**Try it**: When you copy the material below, keep every line exact and leave each picture out.

**Recorded information**:
- - -

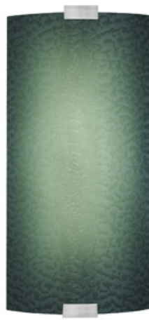
bubble glass blue

Minimal wall sconce with extruded aluminum housing and die-cast end caps. Features slumped glass, fabric, and metal shade options for optimal design flexibility. Mounts vertically only. Incandescent includes (2) E26 medium base 60 watt or equivalent BT15 halogen lamps; fluorescent includes (1) 2G11 base 24 watt twin tube compact fluorescent lamp and electronic ballast. Fluorescent version may also be lamped with (1) 2G11 base 27 watt twin tube compact fluorescent lamp (not included). ADA compliant. 120 or 277v.
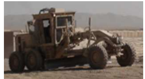
Above: CPL Martinez finish grades the guard tower site using the road grader.

- - -

**Result**:
bubble glass blue

Minimal wall sconce with extruded aluminum housing and die-cast end caps. Features slumped glass, fabric, and metal shade options for optimal design flexibility. Mounts vertically only. Incandescent includes (2) E26 medium base 60 watt or equivalent BT15 halogen lamps; fluorescent includes (1) 2G11 base 24 watt twin tube compact fluorescent lamp and electronic ballast. Fluorescent version may also be lamped with (1) 2G11 base 27 watt twin tube compact fluorescent lamp (not included). ADA compliant. 120 or 277v.
Above: CPL Martinez finish grades the guard tower site using the road grader.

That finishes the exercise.